学校にタブレットなどを導入するメリット・デメリット
教育にタブレットなどを導入することは、児童生徒、教員・学校それぞれにとってメリットとデメリットがあります。十分に確認しておきましょう。
【メリット】
児童生徒のメリット
- 授業がわかりやすい
- 学びが楽しく積極的になれる
- 直観的な操作が可能
児童生徒にとっては、タブレットなどを1人1台使用できるようにすることで、映像や音声などをタブレットに映し、紙の教科書では実現不可能だった教材による教育が可能です。授業がよりわかりやすくなり、理解も進むと考えられます。学びが楽しくなることから、積極的・主体的な学びも促します。
また、タブレットは画面をタッチすれば操作できるため、直観的に扱うことができます。ICTに不慣れな児童生徒でも簡単に操作できる点もメリットです。
教員・学校のメリット
- ITリテラシー育成・向上
- 一人一人に合わせた指導の実現
- 業務負荷軽減
- データ共有がスムーズになる
教員や学校にとってのメリットは、児童生徒のITリテラシーの育成向上を実現できることにあります。従来の黒板を用いた授業とは異なり、各児童生徒の端末に個別最適化された教材を提供しながら授業を進められるため、一人一人に合わせた指導を実現できます。

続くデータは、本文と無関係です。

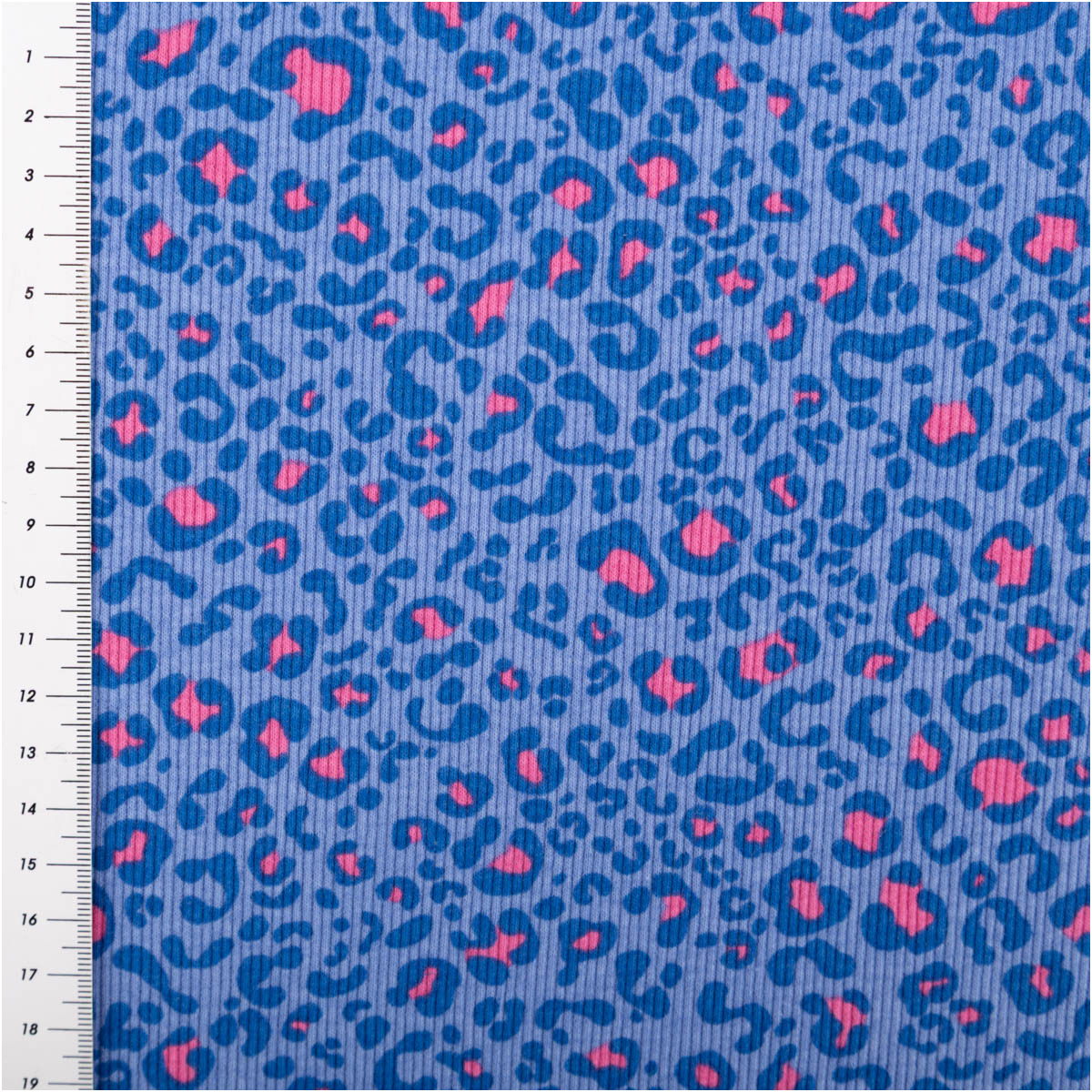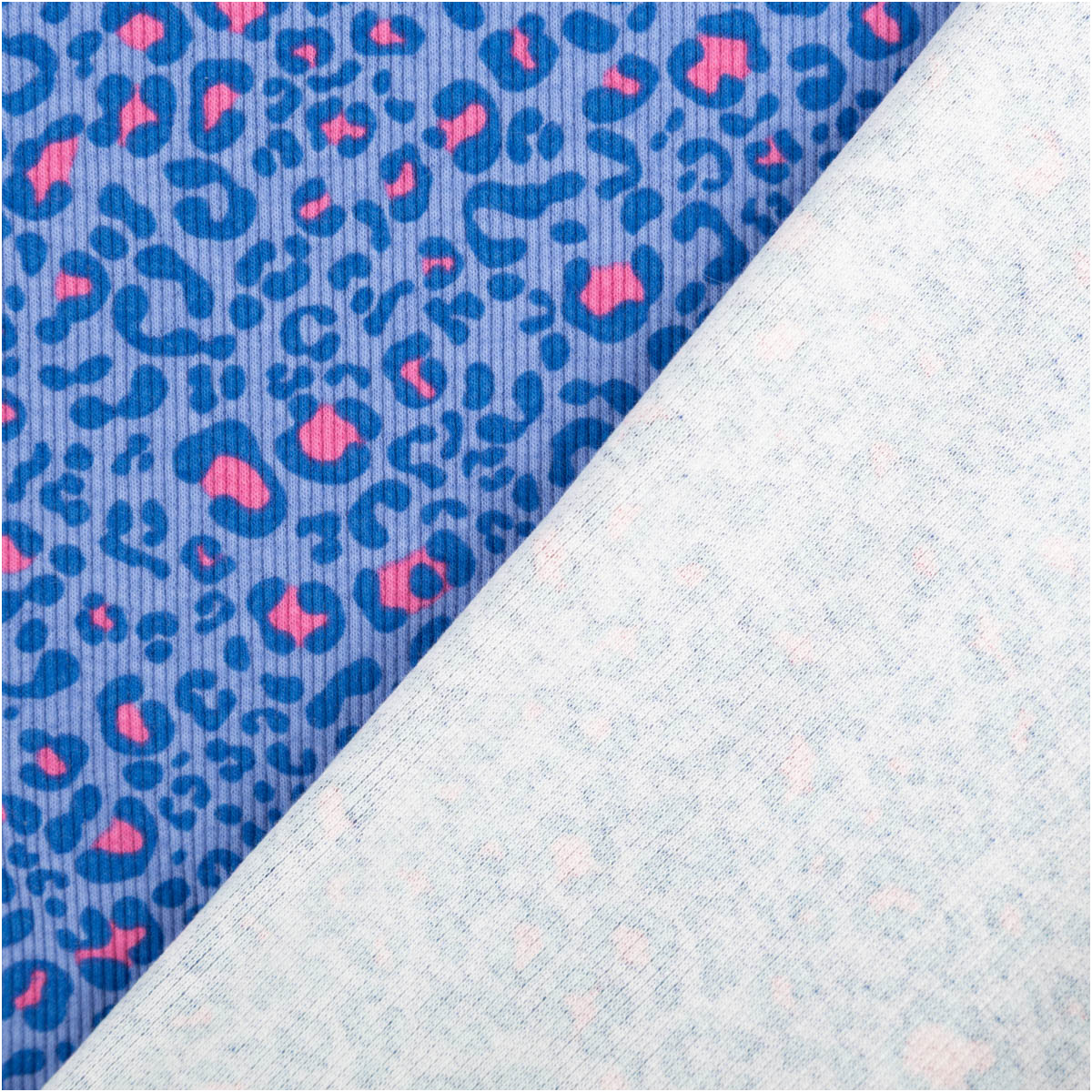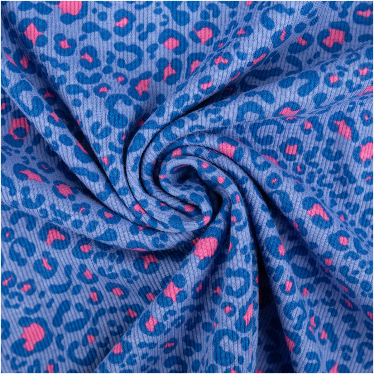 Rippjersey Rib Jersey Stoff Baumwolle Leo blau pink 1,2m Breite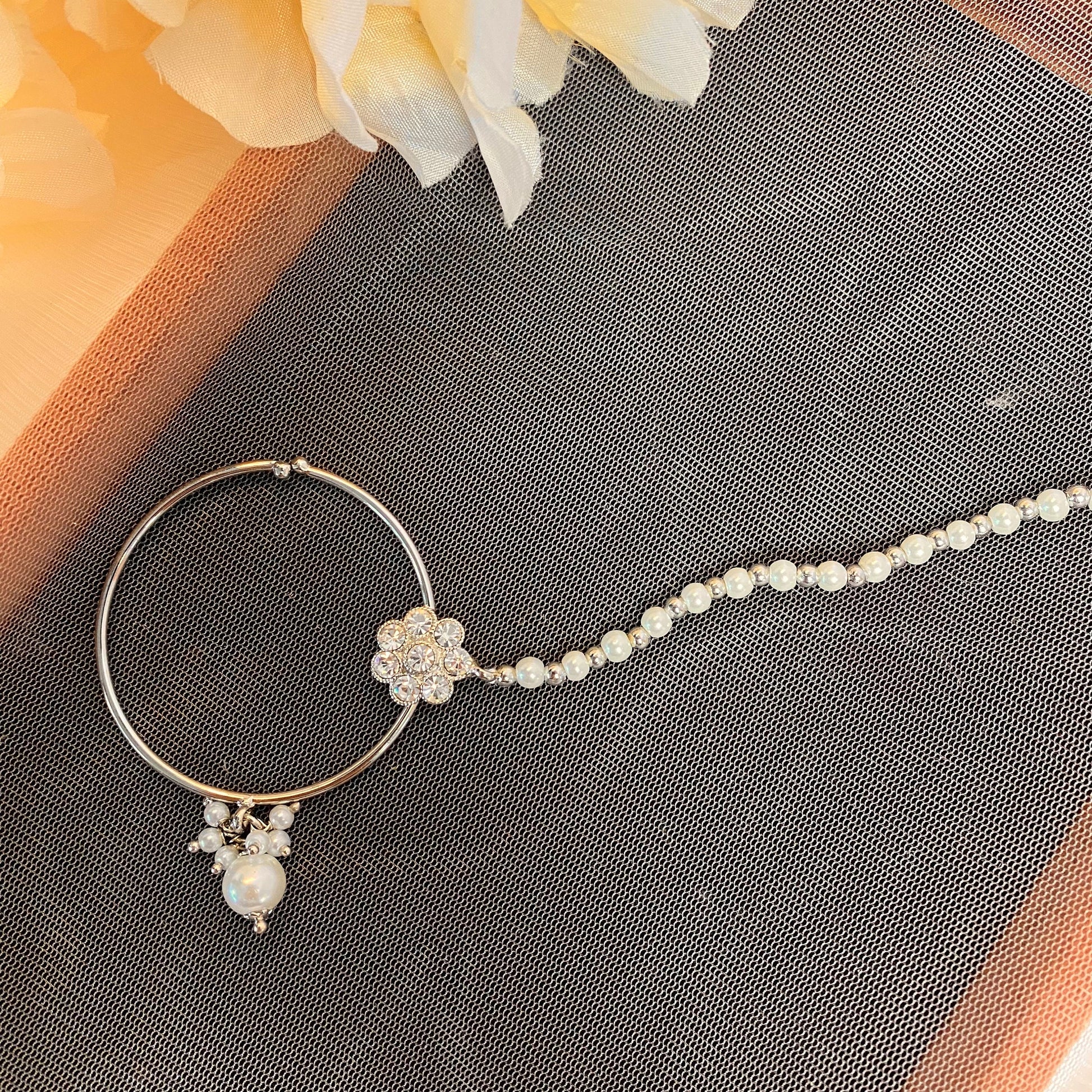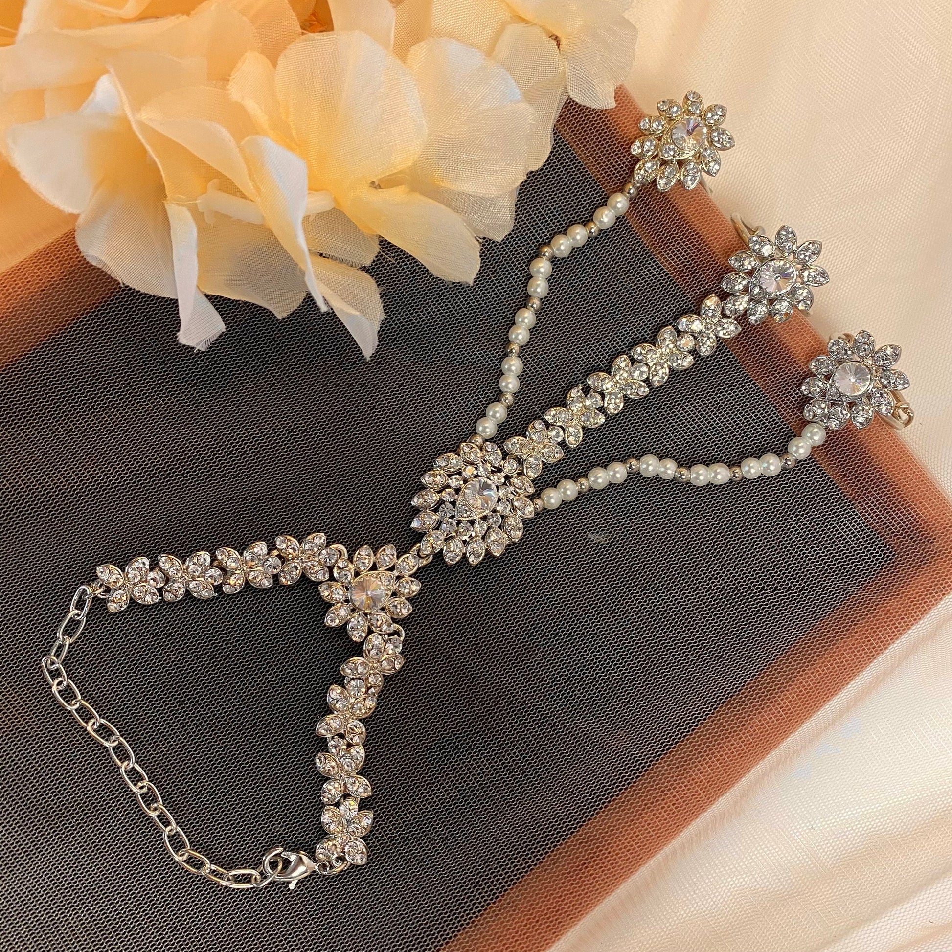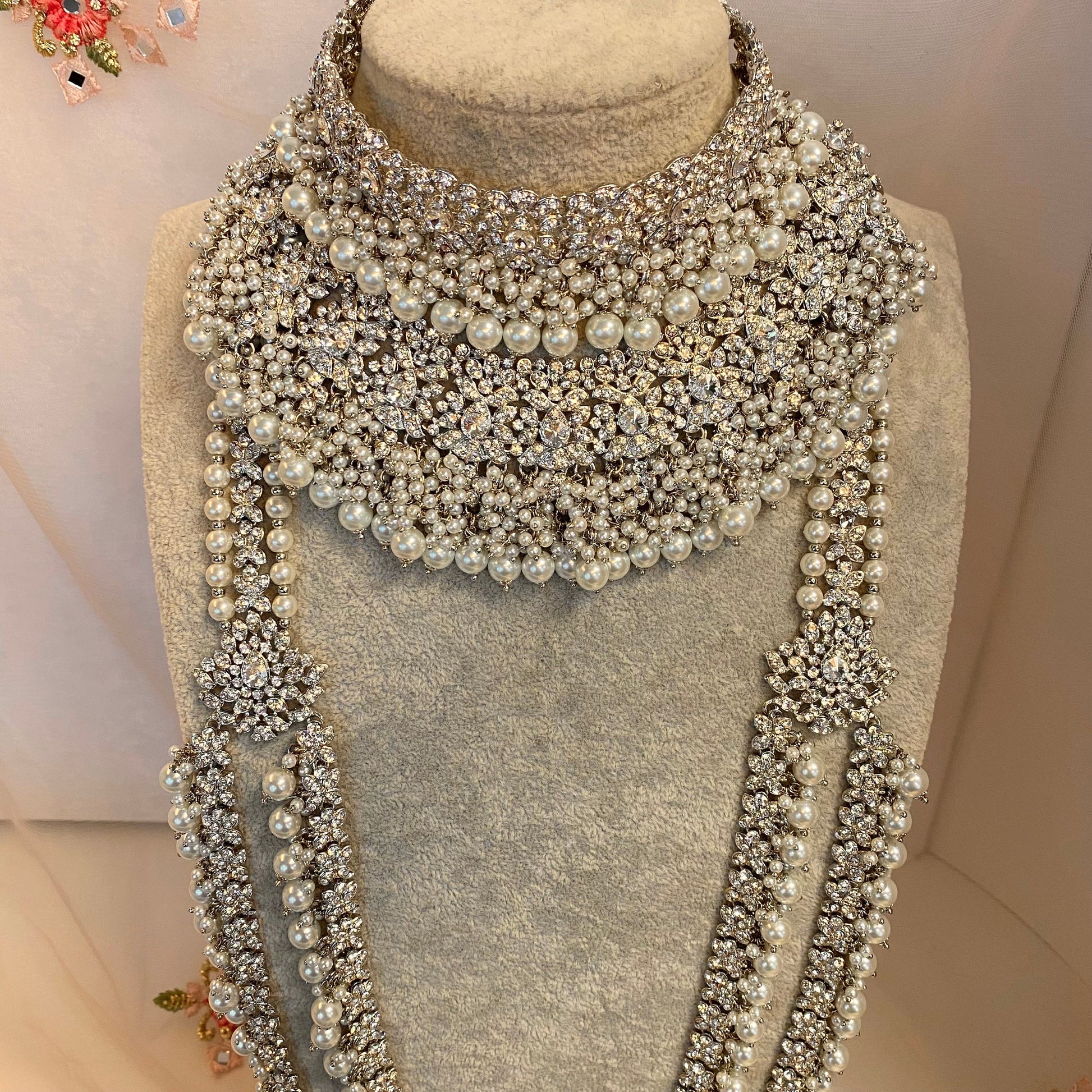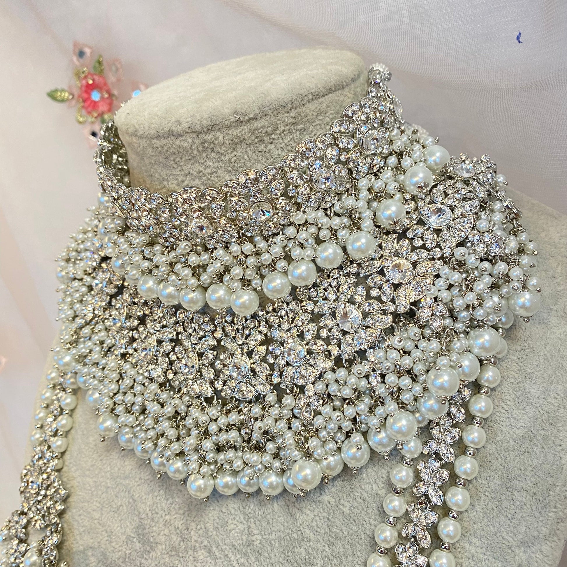 This beautiful silver and sparkling silver crystal bridal set includes Choker, Necklace, Long haar, Jhumka Earrings with Attached Ear Chains, Jhumar, Slide Type Nose Ring and 2 Hand Harness.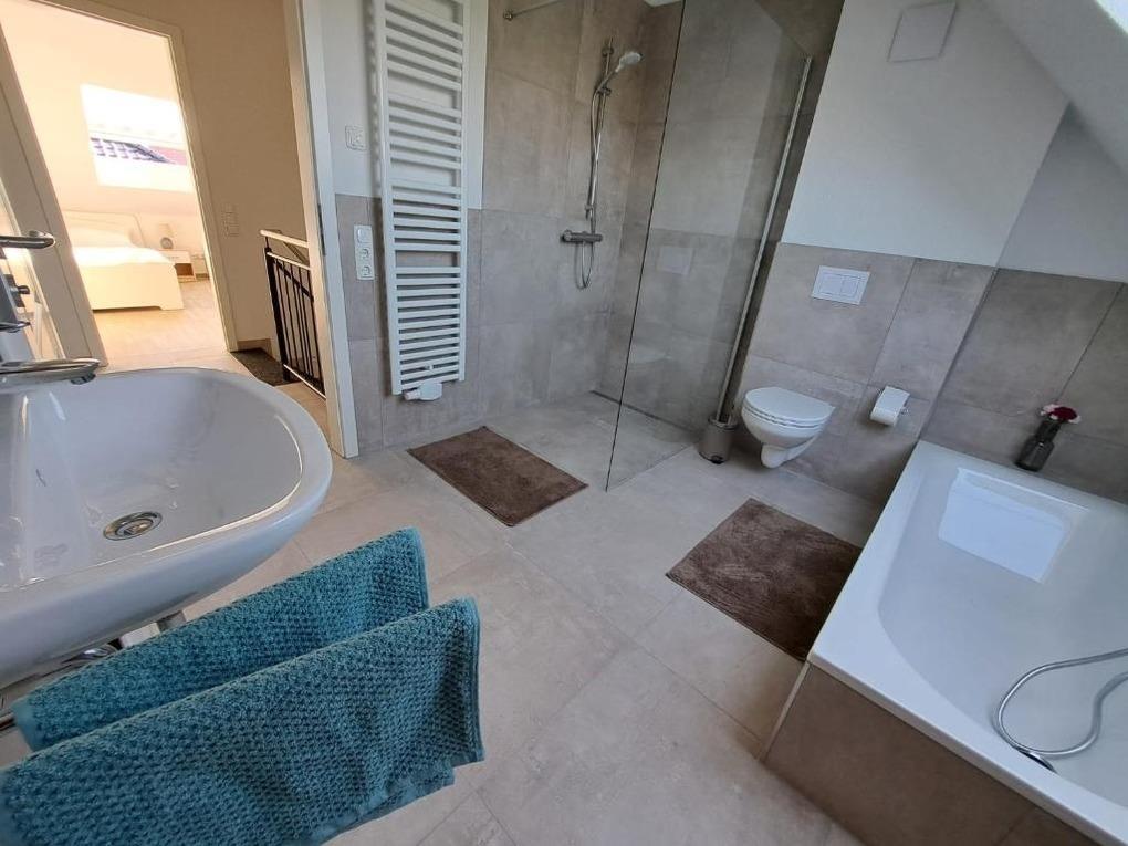 Unser Ferienhaus liegt nur 150 Meter vom Wasser entfernt und bietet Platz für bis zu sechs Personen sowie Ihre Haustiere. Das Erdgeschoss umfasst eine geräumige Wohnküche mit bodentiefen Fenstern, die einen direkten Zugang zur großzügigen Terrasse ermöglichen. Zusätzlich gibt es ein Gäste-WC, einen breiten Flur mit Garderobe und einen Hauswirtschaftsraum mit Waschmaschine. Im Obergeschoss befinden sich drei gemütliche Schlafzimmer sowie ein Badezimmer mit einer begehbaren Dusche und einer Badewanne.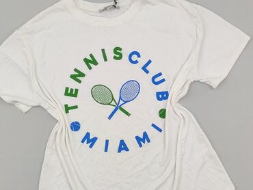 Biała koszulka damska z krótkim rękawem i okrągłym dekoltem. Z przodu dekoracyjny napis „la vie est BELLE” – duże litery „BELLE” wykonane z czarnej koronki na naszytej aplikacji, nadają elegancki, ...

また従来、印刷が必要だったプリント類や資料の準備にかかる時間と手間の削減につながります。さらに、教員間や保護者とのデータによる情報共有が実現できるようになります。
【デメリット】
児童生徒のデメリット
- 手書きの回数が減る
- 視力低下のリスク
タブレットなどの端末を常時利用していると、手書きの回数が減り、文字を書くという行為がもたらす学習効果や身に着けるべきスキルなどに不足が生じる恐れが指摘されています。また毎日、画面を長時間眺めることになるため、視力が低下するリスクがあると指摘されています。
教員・学校のデメリット
- 授業中に関係のないことで遊ぶリスク
- 導入時のICT環境の整備、キッティングの手間
- セキュリティリスク
- タブレットの不具合による授業の中断
児童生徒に対して1人1台、タブレットなどを操作できる環境を与えることで、授業とは関係のない情報へのアクセスやアプリを利用して遊んでしまう恐れがあります。また、導入時の端末やネットワークの整備、端末の初期設定やセットアップ作業などのキッティングの手間がかかるというのも大きな課題です。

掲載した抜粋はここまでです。